Bitehouse Fungi Dinner Party
This event was held over Thanksgiving weekend at the St. Ann’s Bay Church on the Cabot Trail in Victoria County. Due to a long summer of drought, the fungi was NOT popping. While originally planning to do as we have annually and hike for fungi, (which we ID and discuss), there was no trail available that had a reliable source of specimens to look at. It was just too dry.
At the last minute I did a pivot, and managed to hike enough of my known fungi locations just before the event in order to grab over 25 species for the tables.

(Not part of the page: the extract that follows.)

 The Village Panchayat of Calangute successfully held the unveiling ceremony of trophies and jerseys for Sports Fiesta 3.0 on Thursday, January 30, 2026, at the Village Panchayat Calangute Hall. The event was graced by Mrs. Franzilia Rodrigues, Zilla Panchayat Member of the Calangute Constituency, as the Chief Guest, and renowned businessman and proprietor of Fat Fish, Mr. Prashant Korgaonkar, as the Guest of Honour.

We ended up having plenty of fungi to discuss and look at from both edible and inedible categories. Myself and another avid forager, Earlene Busch (former owner and chef of the Chanterelle Inn), talked about the specimens, how we cook some of them, where we find them, how to ID them - and of course, gave hard reminders not to eat anything unless you really know the ID of the mushroom.

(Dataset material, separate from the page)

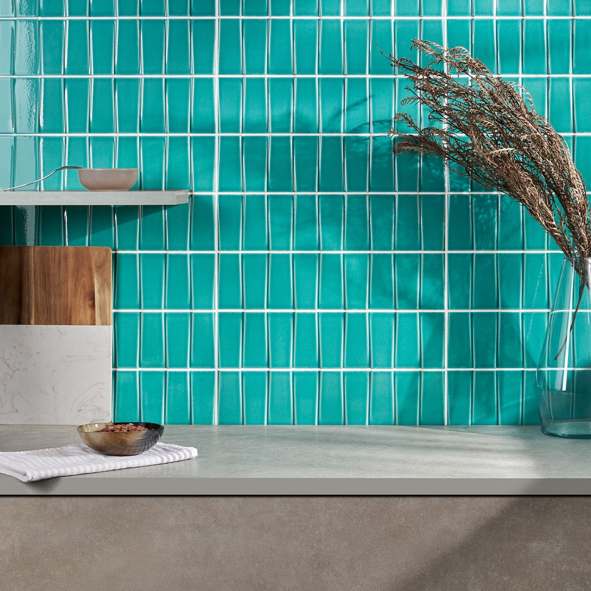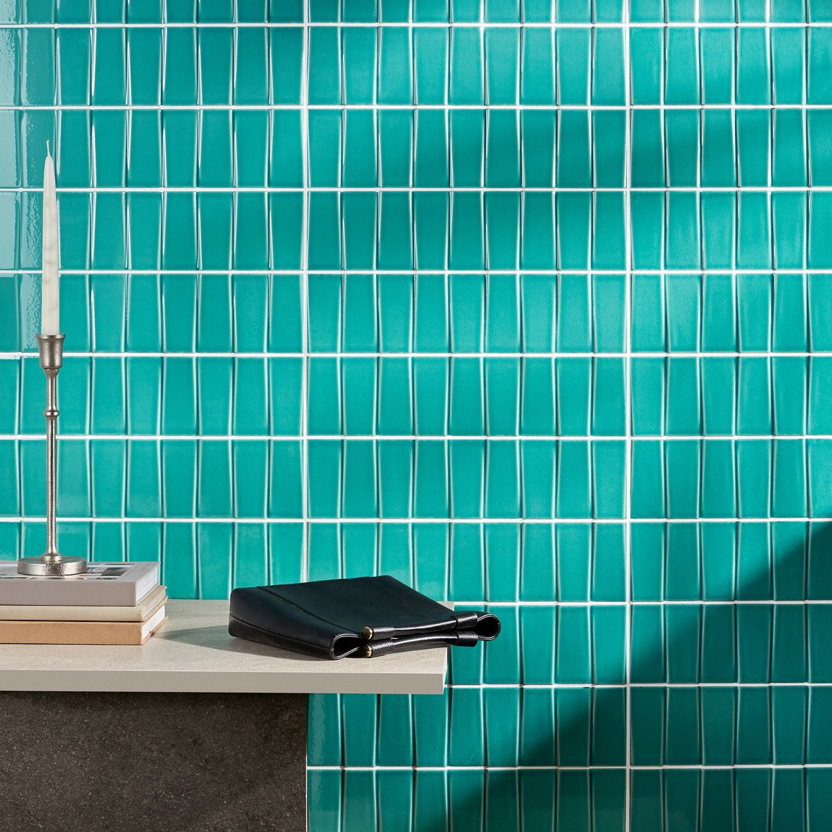 Transform your space with the artisanal beauty of the Colorplay Steps Teal Green Ceramic Tile.
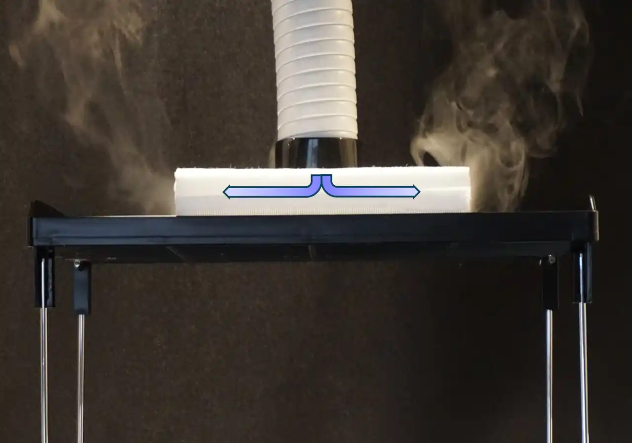 多層織物クッション材は、横方向がトンネル構造の為、空気が水平方向に流れ、通気性に優れます。 |

Actually, the way this turned into an inside only event centered around a specimens table and a menu full of foraged surprises ended up transforming the plan for 2025. It allowed older people and people with mobility issues to have a chance to see almost 30 species of fungi and learn about them from an accessible room. This event is now booked for Saturday, October 4, 2025 and will be the same format. Unless we have another drought, the plan is to host a separate hike & ID event with Brendon Smith later in the month.
about the food
Chef Bryan Picard makes amazing food. These dishes were all inspired with fungi in mind and we got a BEAUTIFUL assortment of fresh cultivated shrooms from Porter River Farm & Forage. They supplied us for the previous year’s foraging dinner as well, where we learned how to cook & preserve fungi with Fiona Genevieve.
This was really more a fancy forager’s dinner, and we will be leaning into that for the menu in 2025.

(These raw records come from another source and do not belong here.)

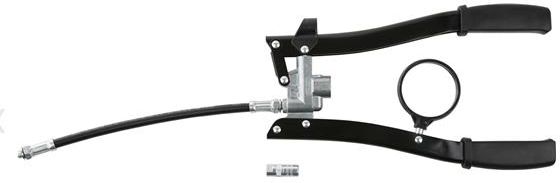 Najwyższej jakości smarownica dwuręczna marki FORCH. pełne wypróżnienie kartusza dzięki wykorzystaniu możliwości odsysania powietrza do 500g kartuszy z mocowaniem gwintowanym z 30 cm wężykiem oraz ustnikiem szybka i czysta zmiana kartusza wymiary: 350 x 195 x 30 mm w zestawie: przewód zbrojony, M 10 x 1a, 11 x 300 mm ustnik z 4 szczękami, M 10 x1
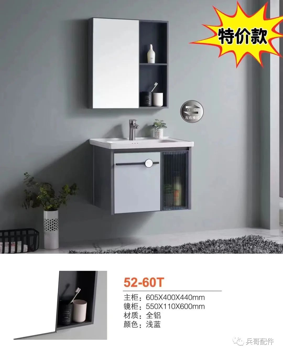 太空铝浴室柜 砂灰 -50 50*36 零售价:1290元
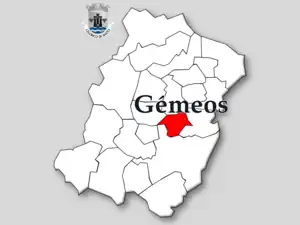 Os lugares principais da Freguesia de Gémeos eram Adoufe, Além do Rio, Além, Alminhas, Areeiro, Boavista, Boques, Bouça, Cancelo, Casas Novas, Corujeira, Eira, Fontainha, Fontão, Igreja, Lage, Lama, Lugar Novo, Loureiro, Moinho do Outeiro, Moinhos da Serra, Monte, Outeiro, Pinguela, Pouso, Quintas, Quintela, Refontoura, Ribeiro da Costinha, Roço, Montedo, Seixo, Sobreiro, São Silvestre, Tapada, Tribudo, Val-de-Maria, Veiga de Adoufe, Vilar e Vinha.

Accompanying the fungi was also pickled spruce tips, pickled daisy capers, green alder pepper, dulse, juniper, sea parsley, rose petals and wood sorrel.
To drink we had some Lilac Vanilla Lemonade and hot apple cider freshly pressed in Margaree!
THE MENU
Chicken rillettes, maitake, juniper, pickled spruce, wild rice
Smoked mussels, preserved wild garlic aioli, dulce
Whole grain sunflower sourdough, bee pollen butter
Wood grilled tuna, daisy capers, horseradish, leeks, drizzled with sea parsley oil
Wild mushrooms, green gnocchi, wood sorrel, cream, green alder pepper (oysters, pioppinos, morels, chanterelles)
Cranberry granita, hazelnuts, honey soaked cake, wood sorrel, dried roses
prizes
Like every year, we had some dehydrated mushroom mix and a couple grow kits from Happy Caps - a local business in Nova Scotia.
This year we had Lion’s Mane and Oyster mushrooms - two of my favorite types to grow at home. Both dehydrate rather easily and re-constitute well when its time to use them in a dish.